Content starts
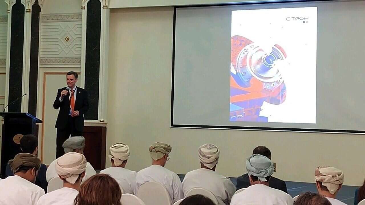 На фото, опубликованном Ctech, можно увидеть как генеральный директор CTech док. Джюнейд Фырат сделал презентацию для делегации Омана.
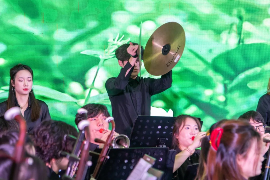 铿锵有力、气势磅礴的民乐响起,一曲《金蛇狂舞》拉开了音乐会的序幕。这是聂耳于1934年根据民间乐曲《倒八板》整理改编的一首民族管弦乐曲,奠定了音乐会昂扬的基调和欢腾气氛。
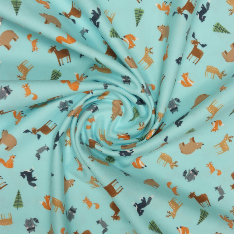 Cozy Forest Comfort Flannel Fabric Collection - Cozy Forest Animals Sky Blue Details
Content ends
■ What this task involves: Before you return the listing exactly, strip out its pictures.

■ Solution for this exercise:
 На фото, опубликованном Ctech, можно увидеть как генеральный директор CTech док. Джюнейд Фырат сделал презентацию для делегации Омана.
 铿锵有力、气势磅礴的民乐响起,一曲《金蛇狂舞》拉开了音乐会的序幕。这是聂耳于1934年根据民间乐曲《倒八板》整理改编的一首民族管弦乐曲,奠定了音乐会昂扬的基调和欢腾气氛。
 Cozy Forest Comfort Flannel Fabric Collection - Cozy Forest Animals Sky Blue Details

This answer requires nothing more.